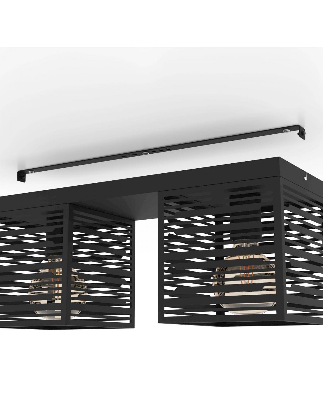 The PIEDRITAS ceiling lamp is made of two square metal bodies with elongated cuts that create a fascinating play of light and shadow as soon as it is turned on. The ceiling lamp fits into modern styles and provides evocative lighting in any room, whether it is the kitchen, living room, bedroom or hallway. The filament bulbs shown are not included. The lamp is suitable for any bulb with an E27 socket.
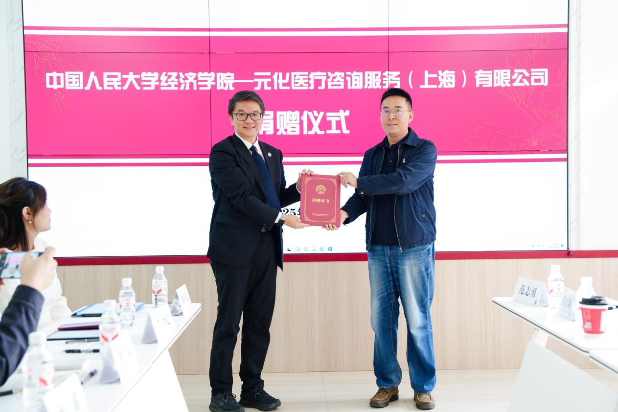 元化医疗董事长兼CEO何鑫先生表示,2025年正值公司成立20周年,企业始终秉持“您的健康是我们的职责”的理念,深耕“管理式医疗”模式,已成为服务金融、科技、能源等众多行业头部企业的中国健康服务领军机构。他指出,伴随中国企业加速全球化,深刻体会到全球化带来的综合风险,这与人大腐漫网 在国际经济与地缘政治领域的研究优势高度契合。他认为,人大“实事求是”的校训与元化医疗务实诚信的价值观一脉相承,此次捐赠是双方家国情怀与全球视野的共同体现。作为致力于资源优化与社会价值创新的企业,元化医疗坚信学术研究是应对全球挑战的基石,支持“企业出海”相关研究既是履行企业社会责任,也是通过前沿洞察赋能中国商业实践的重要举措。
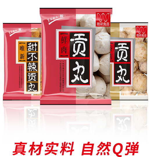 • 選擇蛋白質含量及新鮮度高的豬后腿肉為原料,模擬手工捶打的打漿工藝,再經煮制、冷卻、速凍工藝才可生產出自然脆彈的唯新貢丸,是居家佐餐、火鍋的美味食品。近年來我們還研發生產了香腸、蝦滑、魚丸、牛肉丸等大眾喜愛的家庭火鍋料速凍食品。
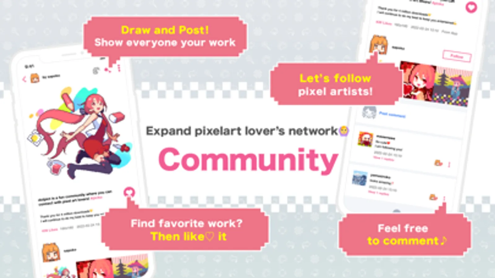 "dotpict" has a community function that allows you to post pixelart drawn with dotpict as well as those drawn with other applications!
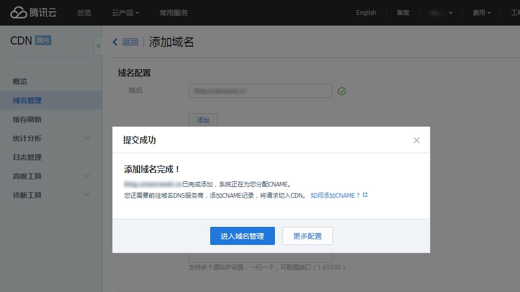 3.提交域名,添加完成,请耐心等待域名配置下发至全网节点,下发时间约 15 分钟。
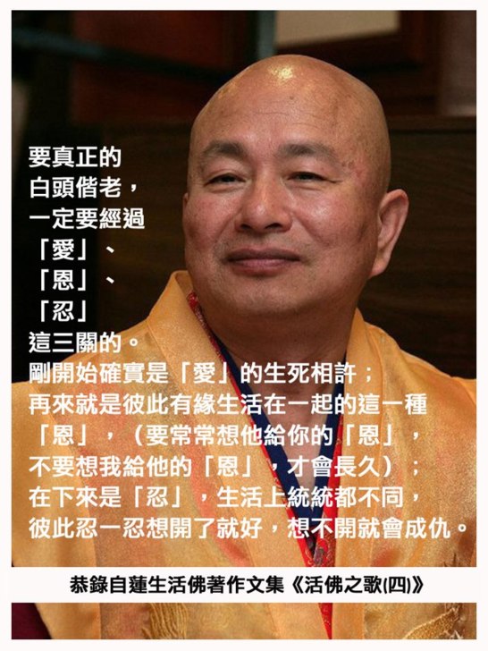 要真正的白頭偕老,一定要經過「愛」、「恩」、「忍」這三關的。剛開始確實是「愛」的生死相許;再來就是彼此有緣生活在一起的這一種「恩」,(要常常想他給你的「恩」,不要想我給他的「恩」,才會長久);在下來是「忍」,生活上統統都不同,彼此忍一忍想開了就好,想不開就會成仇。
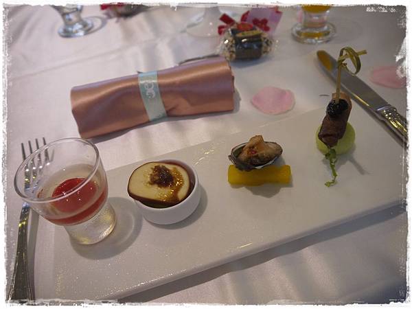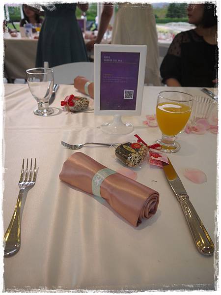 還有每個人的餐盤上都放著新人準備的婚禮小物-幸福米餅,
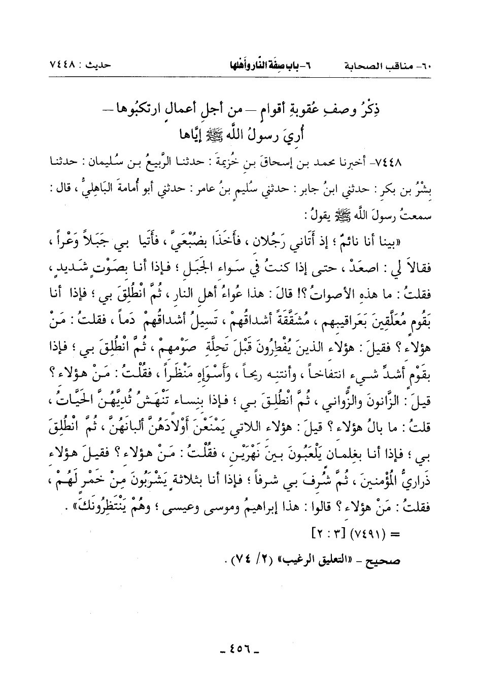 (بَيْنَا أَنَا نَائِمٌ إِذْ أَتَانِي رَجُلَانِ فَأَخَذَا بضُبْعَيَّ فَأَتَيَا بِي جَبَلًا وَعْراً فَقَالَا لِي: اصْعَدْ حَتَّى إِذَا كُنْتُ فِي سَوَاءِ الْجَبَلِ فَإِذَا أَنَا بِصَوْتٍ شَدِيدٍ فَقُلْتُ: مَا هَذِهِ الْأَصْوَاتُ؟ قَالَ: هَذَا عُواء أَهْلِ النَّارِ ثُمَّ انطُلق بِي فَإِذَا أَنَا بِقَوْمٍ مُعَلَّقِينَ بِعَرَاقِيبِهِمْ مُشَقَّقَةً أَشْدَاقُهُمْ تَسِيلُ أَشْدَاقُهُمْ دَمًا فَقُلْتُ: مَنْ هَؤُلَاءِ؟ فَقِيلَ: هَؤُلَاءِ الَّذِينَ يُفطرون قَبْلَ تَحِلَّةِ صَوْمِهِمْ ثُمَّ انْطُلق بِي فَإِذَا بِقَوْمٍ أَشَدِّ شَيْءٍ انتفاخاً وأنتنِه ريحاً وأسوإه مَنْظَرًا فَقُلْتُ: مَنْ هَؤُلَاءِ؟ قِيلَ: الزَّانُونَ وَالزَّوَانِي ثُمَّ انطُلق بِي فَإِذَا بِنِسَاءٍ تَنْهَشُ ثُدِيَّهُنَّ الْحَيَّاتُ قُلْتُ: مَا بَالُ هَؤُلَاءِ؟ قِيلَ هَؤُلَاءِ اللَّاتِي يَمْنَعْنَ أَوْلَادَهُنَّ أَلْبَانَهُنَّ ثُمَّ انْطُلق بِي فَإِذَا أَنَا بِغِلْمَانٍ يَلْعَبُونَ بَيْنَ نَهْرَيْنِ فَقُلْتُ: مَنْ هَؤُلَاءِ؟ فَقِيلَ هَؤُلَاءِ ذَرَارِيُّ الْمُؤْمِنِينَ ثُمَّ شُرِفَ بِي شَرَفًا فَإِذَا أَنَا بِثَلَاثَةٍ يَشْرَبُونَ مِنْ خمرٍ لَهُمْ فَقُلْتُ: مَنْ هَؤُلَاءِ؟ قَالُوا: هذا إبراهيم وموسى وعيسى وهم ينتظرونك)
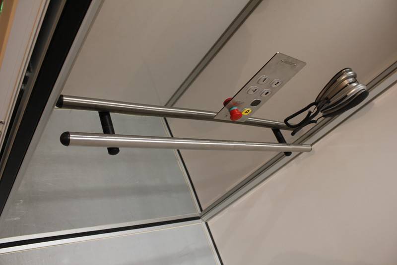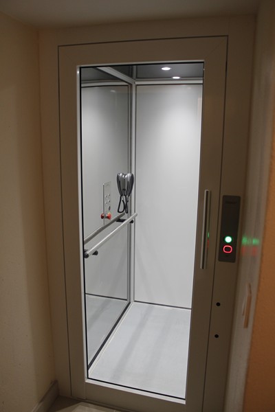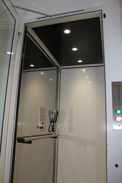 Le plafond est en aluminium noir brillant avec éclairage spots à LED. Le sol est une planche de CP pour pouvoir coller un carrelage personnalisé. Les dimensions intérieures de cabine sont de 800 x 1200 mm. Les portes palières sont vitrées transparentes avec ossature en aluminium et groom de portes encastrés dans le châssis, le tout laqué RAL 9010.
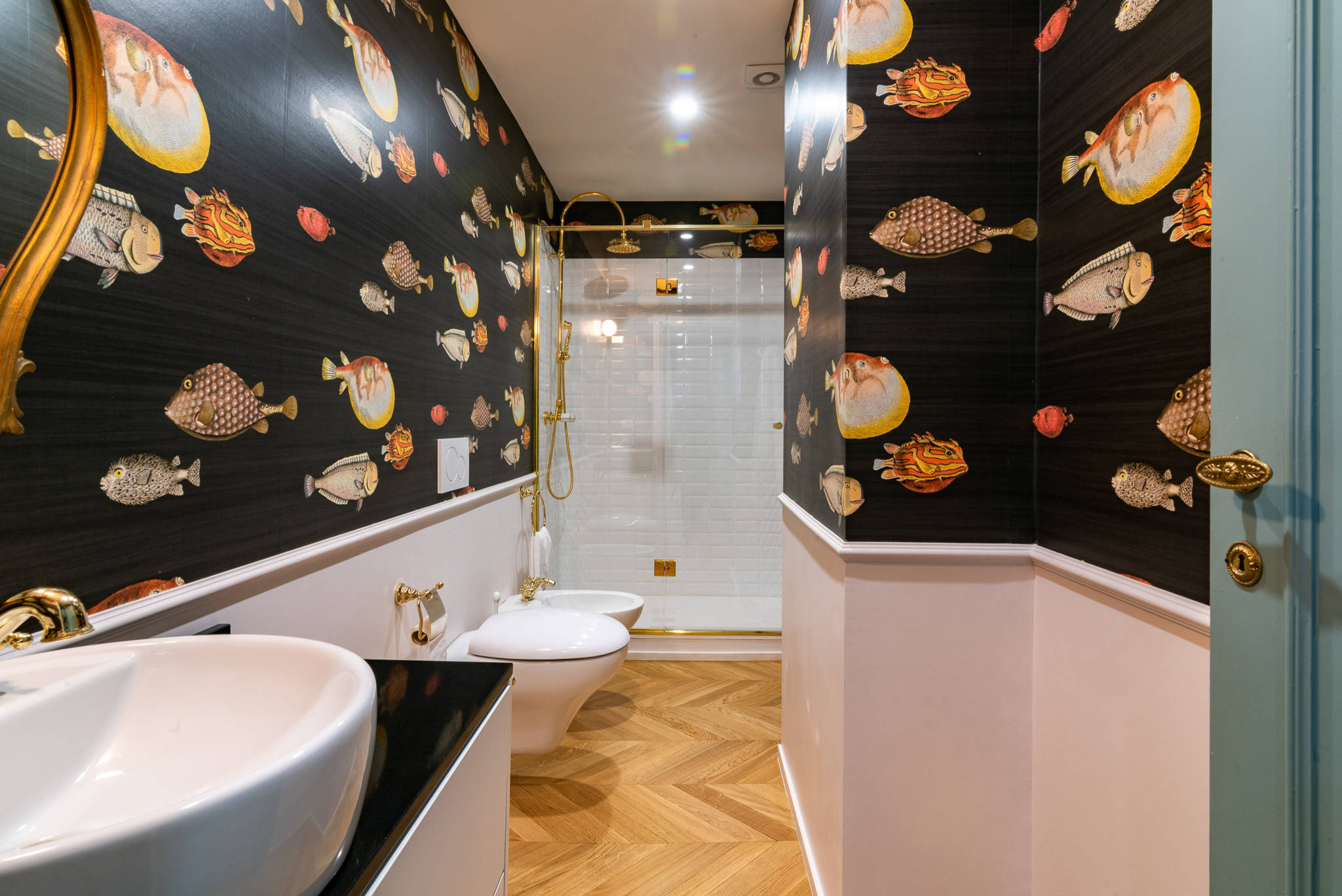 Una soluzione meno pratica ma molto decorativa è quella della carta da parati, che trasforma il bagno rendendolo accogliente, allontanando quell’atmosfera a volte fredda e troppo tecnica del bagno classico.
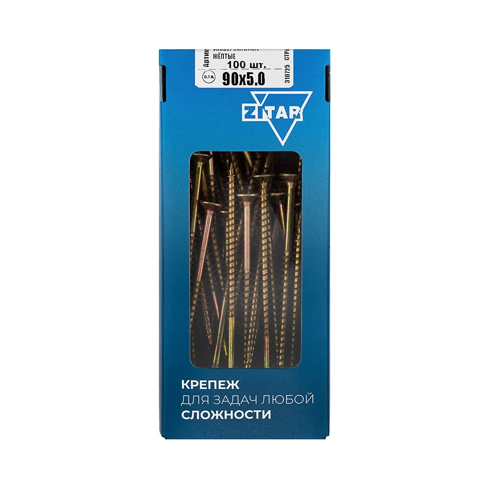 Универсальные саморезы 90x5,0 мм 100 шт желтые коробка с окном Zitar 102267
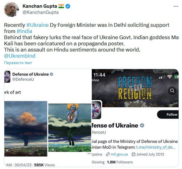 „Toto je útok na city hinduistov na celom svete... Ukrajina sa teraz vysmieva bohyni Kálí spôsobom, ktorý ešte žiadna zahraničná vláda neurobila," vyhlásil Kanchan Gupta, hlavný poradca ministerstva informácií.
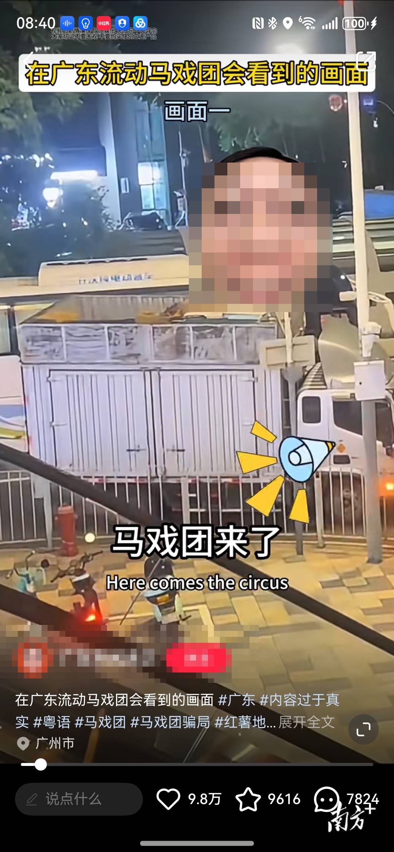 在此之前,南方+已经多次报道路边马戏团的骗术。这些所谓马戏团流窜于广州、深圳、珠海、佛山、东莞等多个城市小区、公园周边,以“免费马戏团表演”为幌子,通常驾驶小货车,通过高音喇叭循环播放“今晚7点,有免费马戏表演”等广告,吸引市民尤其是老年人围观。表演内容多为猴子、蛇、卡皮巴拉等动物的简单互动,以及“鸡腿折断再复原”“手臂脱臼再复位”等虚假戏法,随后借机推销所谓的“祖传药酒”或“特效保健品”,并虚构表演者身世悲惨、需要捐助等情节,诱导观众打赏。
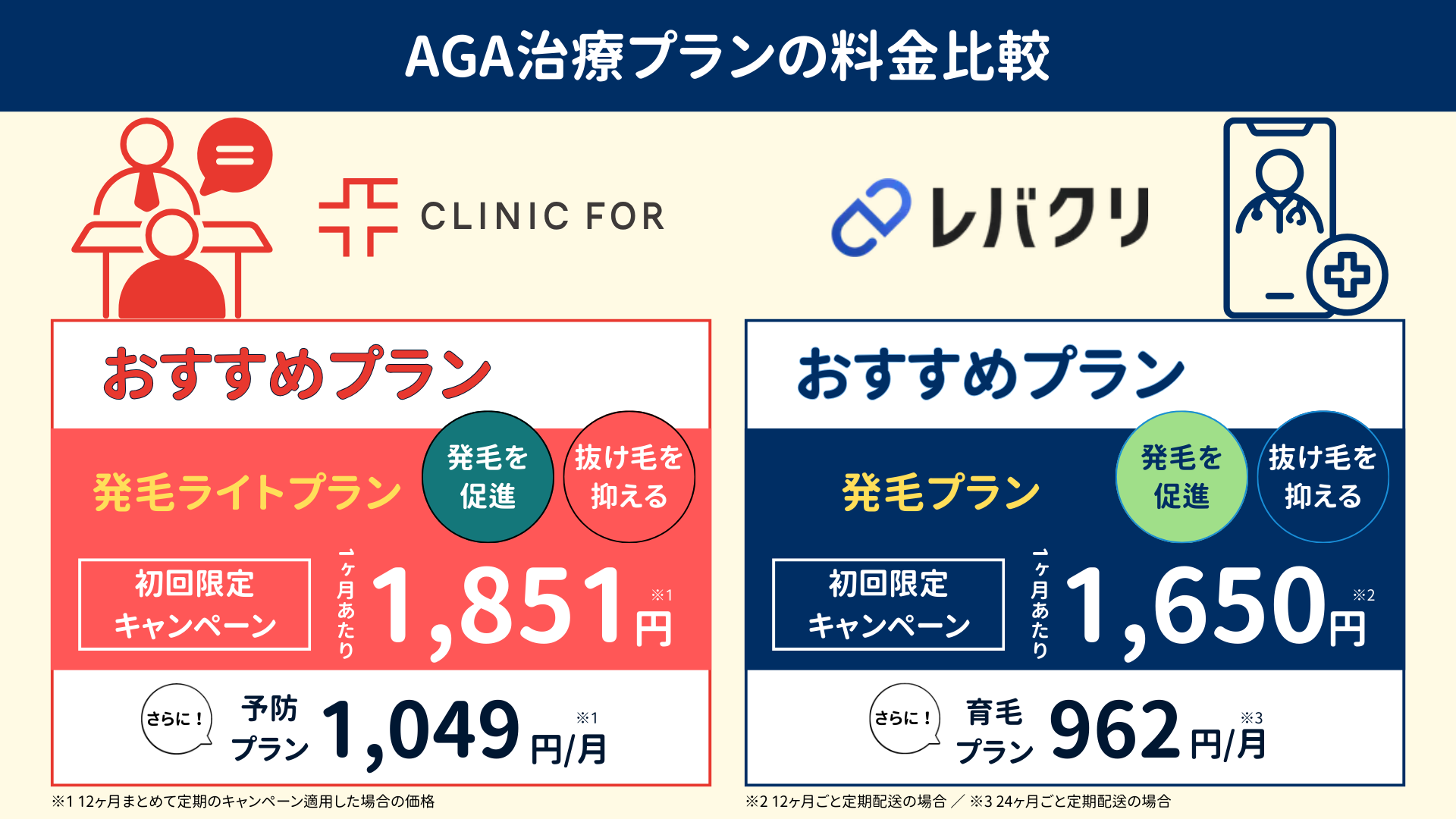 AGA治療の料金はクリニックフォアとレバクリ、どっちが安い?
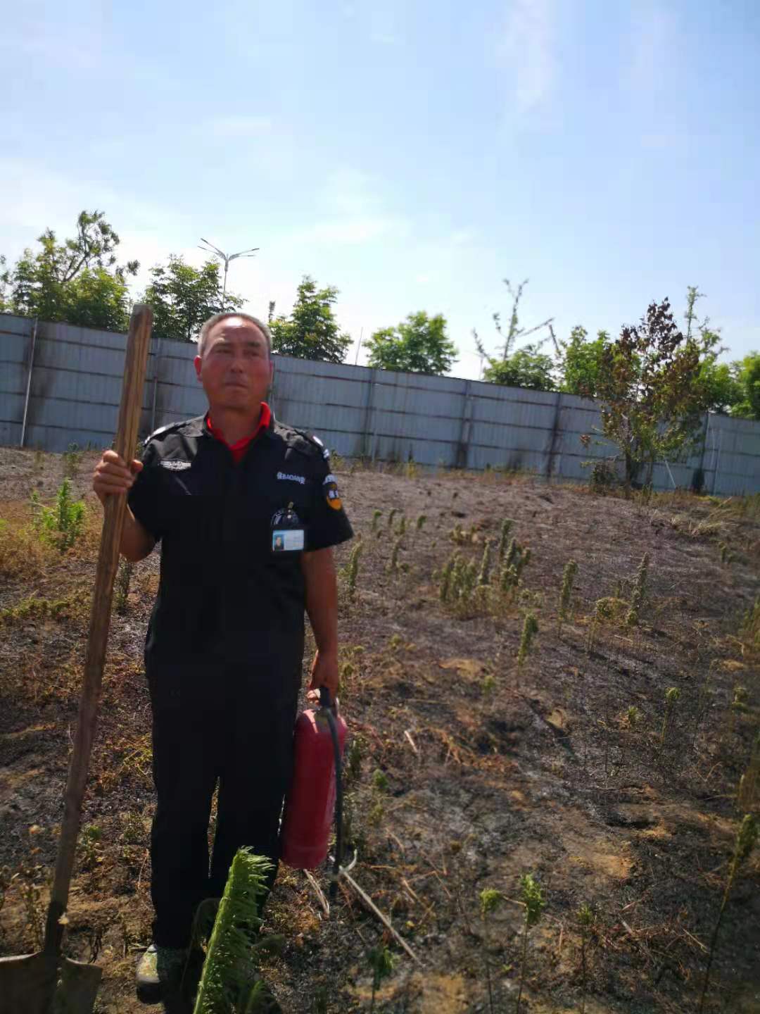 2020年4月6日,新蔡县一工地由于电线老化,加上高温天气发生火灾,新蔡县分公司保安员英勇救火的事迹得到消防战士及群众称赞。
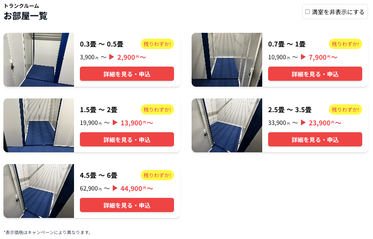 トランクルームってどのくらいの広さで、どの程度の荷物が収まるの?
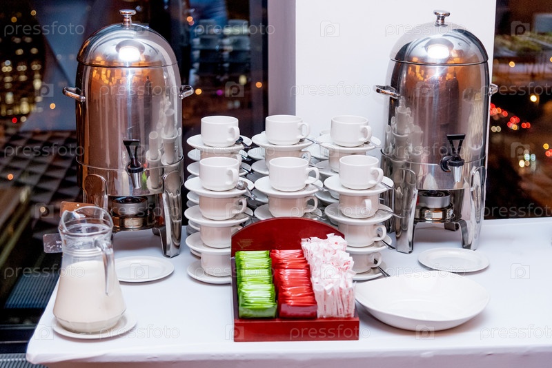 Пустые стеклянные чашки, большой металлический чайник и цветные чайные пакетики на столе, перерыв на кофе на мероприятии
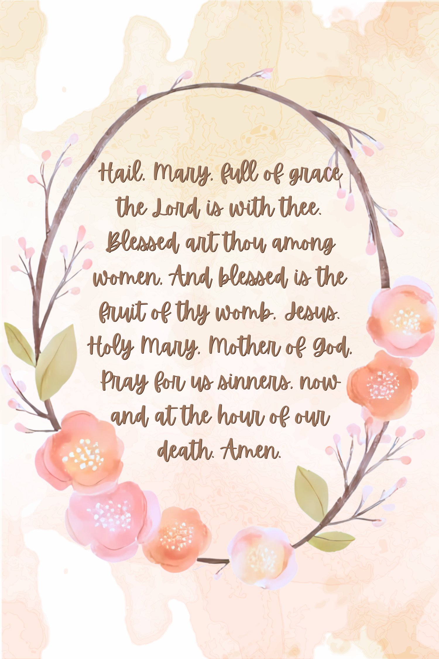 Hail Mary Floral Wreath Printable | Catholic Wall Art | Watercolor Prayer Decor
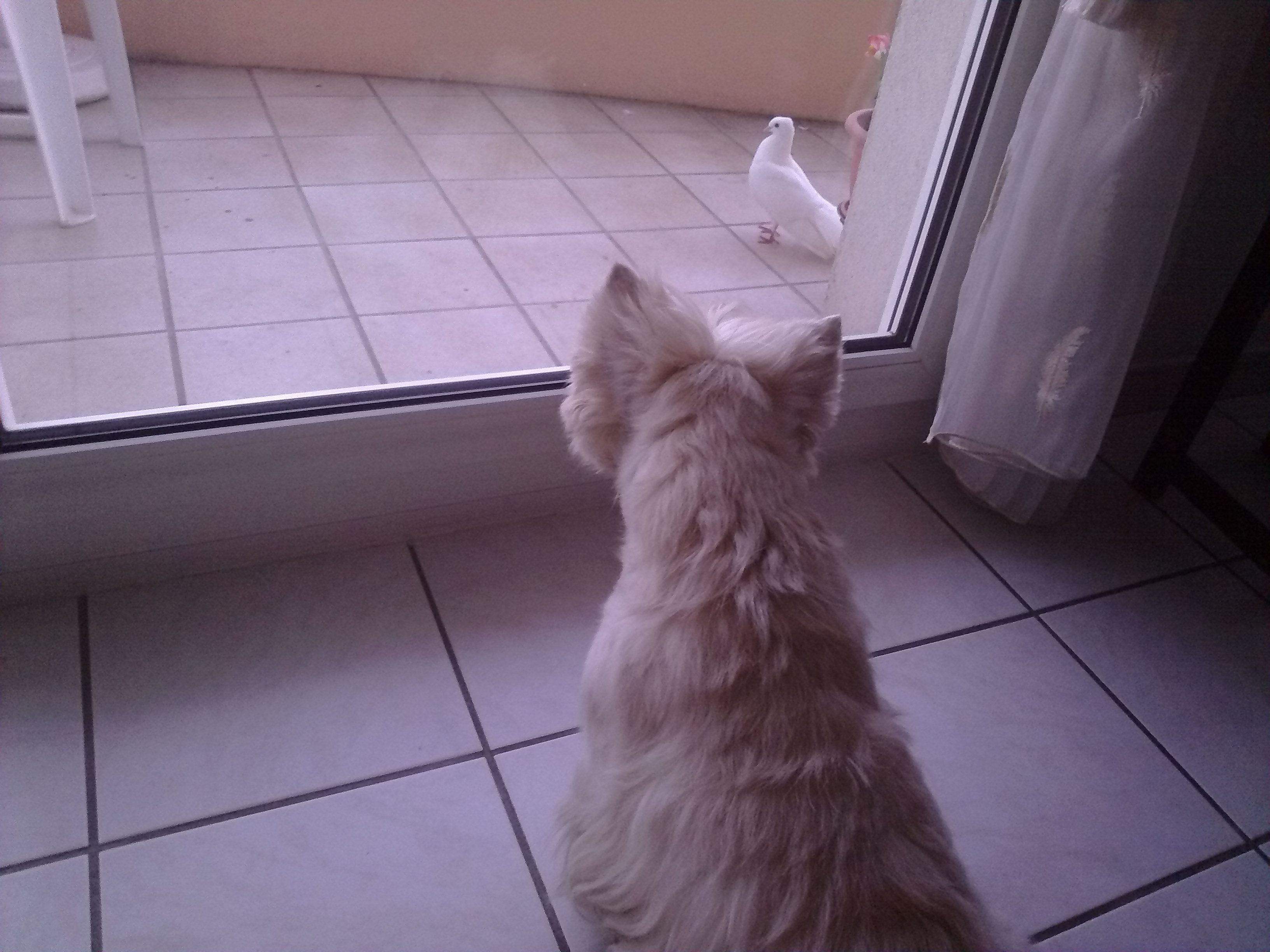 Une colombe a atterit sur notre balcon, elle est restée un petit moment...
───
WORK ITEM: Starting with the line that contains "2020年4月6日,新蔡县一", print every line through the end of the data exactly as written; omit all pictures and add nothing else.

RESPONSE BELOW:
 2020年4月6日,新蔡县一工地由于电线老化,加上高温天气发生火灾,新蔡县分公司保安员英勇救火的事迹得到消防战士及群众称赞。
 トランクルームってどのくらいの広さで、どの程度の荷物が収まるの?
 Пустые стеклянные чашки, большой металлический чайник и цветные чайные пакетики на столе, перерыв на кофе на мероприятии
 Hail Mary Floral Wreath Printable | Catholic Wall Art | Watercolor Prayer Decor
 Une colombe a atterit sur notre balcon, elle est restée un petit moment...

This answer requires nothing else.